Thursday, June 7, 2012

One Man, Two Guvnors


Every time I walk into the Music Box Theatre, I get nostalgic thinking about its rich history. And this time was no different. I thought about seeing the remarkable Mark Rylance in two plays at the Music Box last season (Jerusalem and La Bete). I thought about how Aaron Sorkin’s A Few Good Men premiered at the Music Box in November 1989, and how years later his other play, The Farnsworth Invention, premiered at the same theatre in October 2007. I thought about the fact that the theatre has kept its name since it opened in 1921. I thought about that opening, and that Irving Berlin created the theatre so he could showcase what became his Music Box Revues. The Music Box Revues, of course, were the amuse bouche, if you will, for musicals; they (and other similar revues and follies) planted the seeds for what would become a venerated institution, American Musical Theatre. And so it seemed terrifically fitting that One Man, Two Guvnors, which is directly rooted in Commedia dell’Arte, should be playing at the Music Box—an historic theatre housing an homage to theatre history. 

Based on Carlo Goldoni’s The Servant of Two Masters, Richard Bean’s One Man, Two Guvnors, imported from the National Theatre of Great Britain, is basically about that, one man with two guvnors (that’s the English slang for employers). Some characters (of the commedia stock variety) are in disguise, others are on the lam, while others just want to marry…and become an actor. The point of commedia isn’t the plot, though, it’s the hilarious (and, in the form’s earliest years, improvised) hijinks that ensue while the characters are after a rather base objective.

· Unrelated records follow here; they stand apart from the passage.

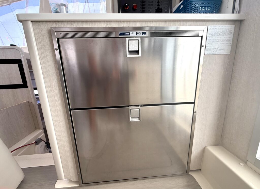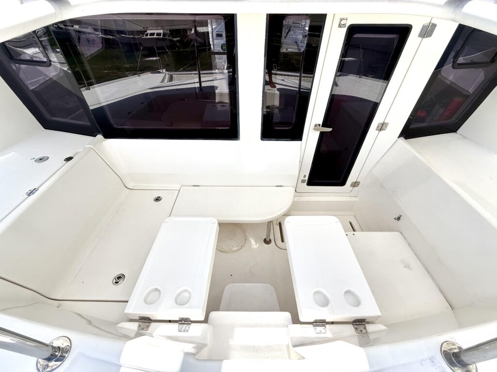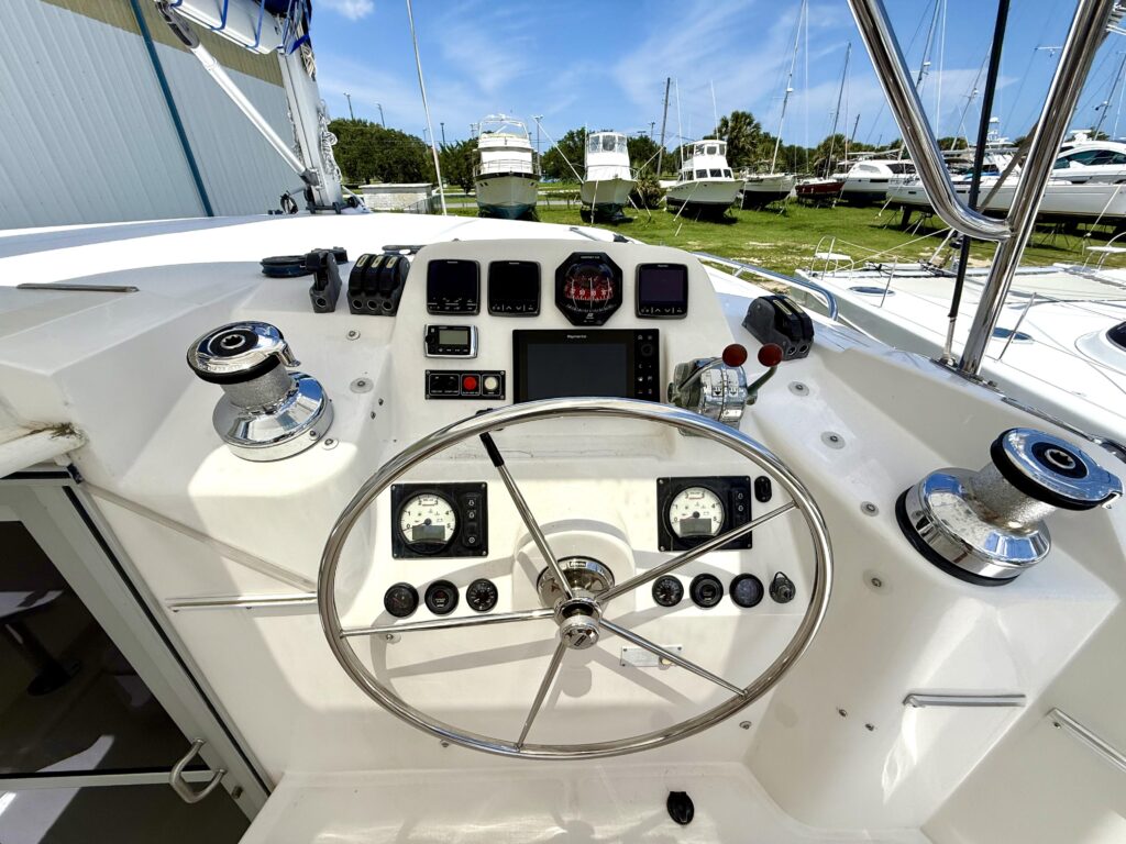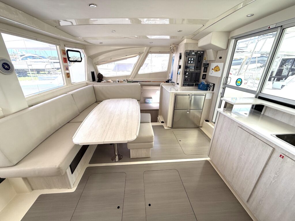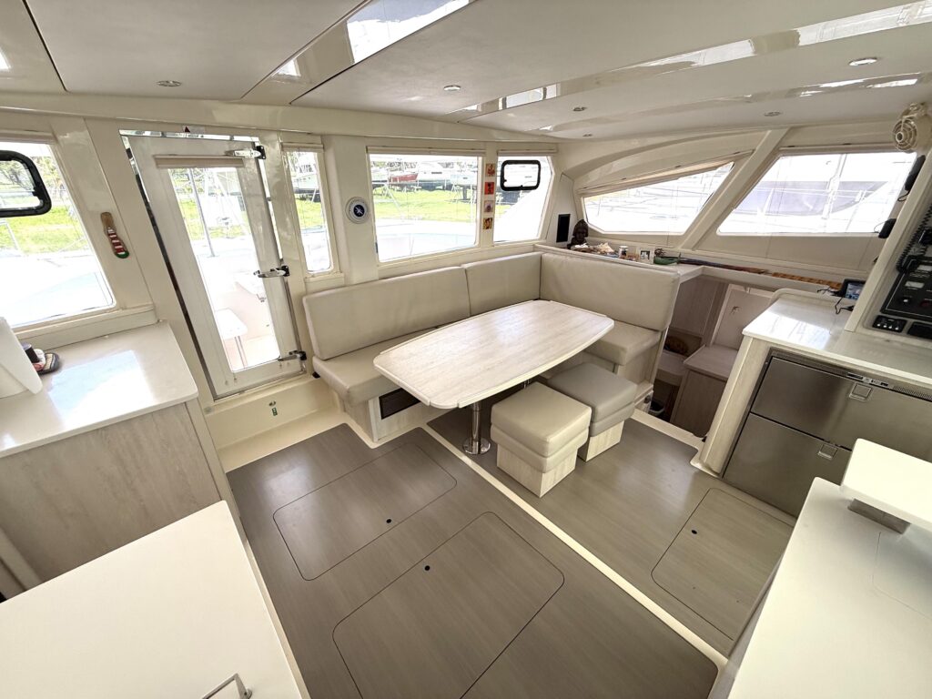 This 3-cabin owners version has been lovingly maintained and shows true pride of ownership throughout. The moment you step into the bright, open salon, youre greeted by panoramic windows that flood the space with natural light, creating an airy and spacious feel that sets her apart from other cats in her class. The galley is smartly laid out with ample storage, and the comfortable settee invites you to relax and take in the views at anchor or underway. Her spacious outdoor living areas, including the forward cockpit and the large aft cockpit, offer ample room for entertaining, lounging, or simply enjoying life at sea.
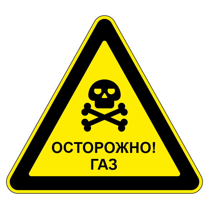 Знак «Осторожно! Газ», МГ-6 (металл 0,8 мм, II типоразмер: сторона 900 мм, С/О пленка: тип Б высокоинтенсивная) в Ижевске купить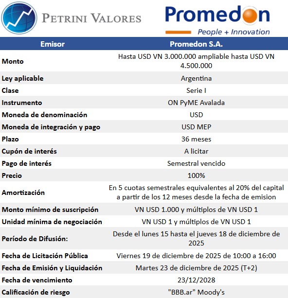 Petrini Valores, en su carácter de colocador, tiene el agrado de comunicarle los principales términos y condiciones de la nueva emisión de Obligaciones Negociables PyME Mediano Impacto Garantizadas por Aval de sus accionistas de Promedon S.A.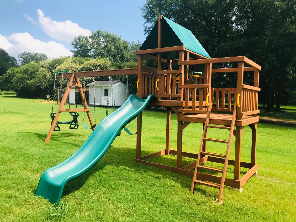 5'x8' overall size, split level with 4' to lower level and 5' to upper level. Includes ladder, 10' slide, telescope, 4 hand grips, steering wheel, vinyl roof, and sand box. Will accommodate any of the three swing attachments.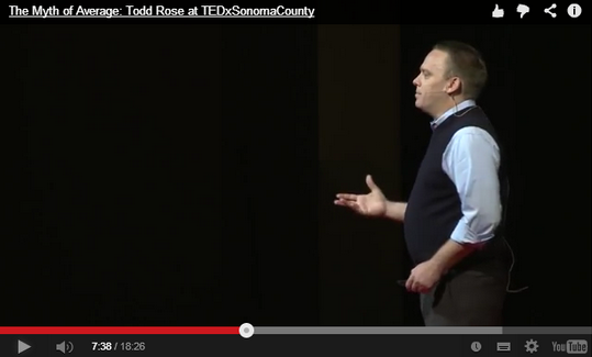 “Todd Rose a High School dropout turned Harvard faculty talks about how a simple new way of thinking helps nurture individual potential. Designing for the Average reaches ZERO students and individuals, we need to personalize learning, adjust learning according to strengths and weaknesses, and Ban the Average. Design to the Edges.”

And those hijinks are fun, if not as hilarious as the hype surrounding this show makes them seem. This is good, well-timed farce and physical comedy. (The play is directed by Nicholas Hytner, while physical comedy direction by Cal McCrystal.) I like a good percussive and comedic slew of door slams (a la Noises Off), but for my taste, the funniest moments of the show were borne of the British wit and word play.
(***Warning: Spoilers below!***)
Sure, there were lots of bits, but I found them to be unnecessarily time consuming. One Man, Two Guvnors finds the titular man, Francis Henshall (the Tony-nominated James Corden), interacting with the “audience.” The improvised feel is energizing and recalls the play’s commedia roots. But much like there was outrage when Goldoni committed the sin of writing down commedia rather than letting the players improvise, I felt underwhelmed (though not quite outraged) by the scripted “improvisations” of the play. You see, the “audience” members Corden interacts with are so clearly plants. The plants play it off well, but knowing the interaction and spontaneity isn’t genuine made me roll my eyes and wish they’d just get on with some more witty banter, or least an expertly executed pratfall by Tom Edden, the thirty-something featured actor who earned a Tony nomination for playing a decrepit 87 year old man. 

Or else I wished to hear more from The Craze, the four-piece skiffle band that provides musical entertainment before, during and after the show. Jason Rabinowtiz, Austin Moorhead, Charlie Rosen and Jacob Colin Cohen perform songs written by Grant Olding and provide musical interludes during scene changes. Having The Craze perform as they do in what is otherwise a straight play (read: not a musical) isn’t so crazy: as the dramaturgical note in the Playbill reminds us, commedia performances were “regularly interrupted by music [and] dancing…known as lazzi.”

To be sure: One Man, Two Guvnors is funny and certainly had me laughing out loud throughout the show. But for my money, if I want laughs this season, I’ll go to the acerbic and illuminating Clybourne Park, the sharp and spot-on The Lyons or the scrappy, clever and magical Peter and theStarcatcher.